7

1) User is logged in bank.com in one tab, where everything is secured by CSRF tokens. Then he opens evil.com in another tab.

2) Javascript in evil.com might try to make a POST request to bank.com/send_money only if it knew csrf_token.

3) In order to reveal csrf_token, javascript in evil.com might try to do GET ajax call to bank.com/send_money to get the exact same html user would get by visting this page in his browser. And then read the token.

QUESTION - why the last step will fail and will it always fail?

As far as I understand, bank.com will actually respond to this request and render all the html just fine, but on the client side the browser will decide that content coming from another domain should not be accessible, therefore it fails.

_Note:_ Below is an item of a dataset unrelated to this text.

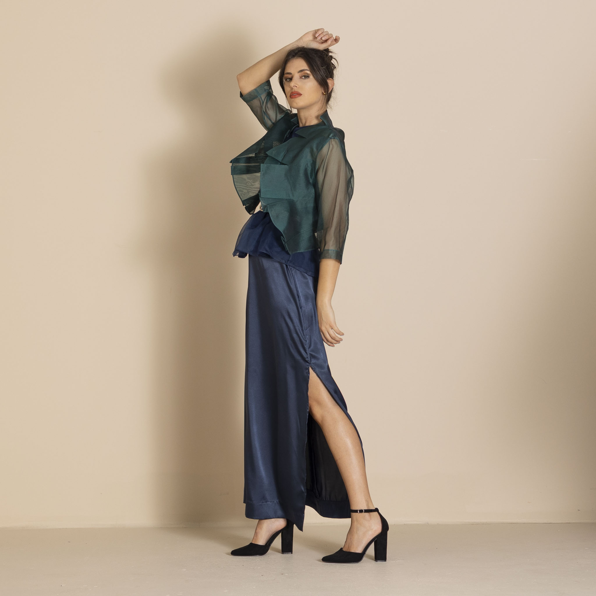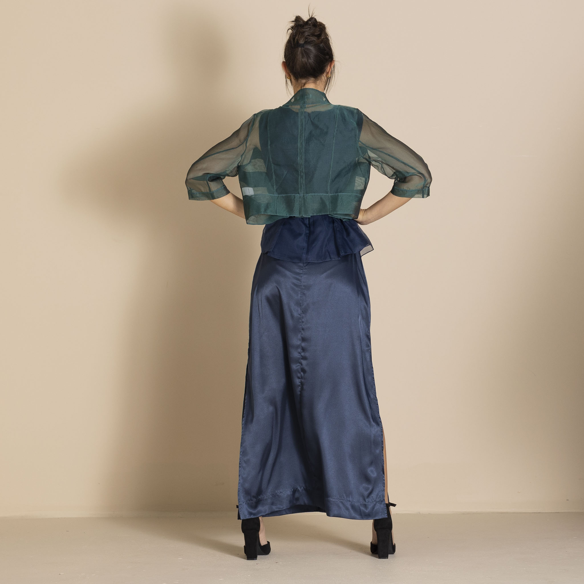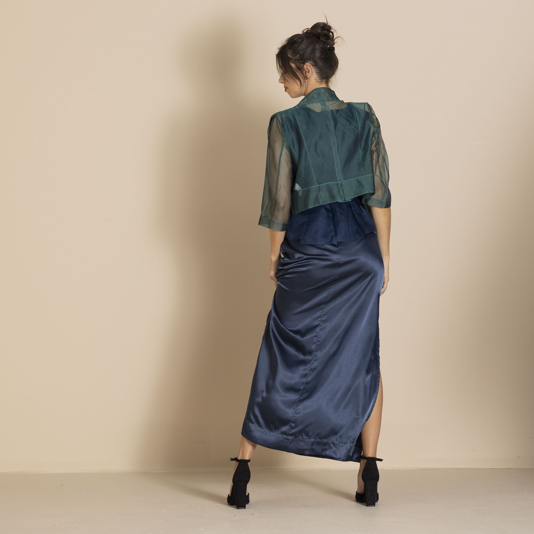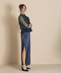 Megan Salmon Silk Organza Mozart Jacket – Bottle Green
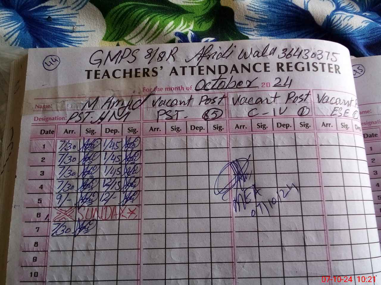 | Name: Ba**** Ra**** Designation: (School Headmaster's/Headmistress's) EST Phone/Cell Number: 03**** |

If there is an iframe in evil.com to bank.com/send_money, the iframe will load all the html just fine, but again the browser will decide that this html cannot be used by javascript and it can only be viewed in iframe. Therefore JS cannot get the token and cannot make POST request.

Is it correct? Can this be fooled?

10

JavaScript cannot read the content of other sites due to the same-origin policy.

This is one of the most fundamental principles of web security and goes way beyond CSRF protection. Without the same-origin policy, any website could read our e-mails through our webmailer, have a look at our PayPal account, get our private information from Facebook etc. So browser vendors do put a lot of effort into preventing this.

Like with all security mechanisms, there may be bugs. And there's also a specific attack called DNS rebinding. But all in all, the same-origin policy works very well and cannot easily be defeated.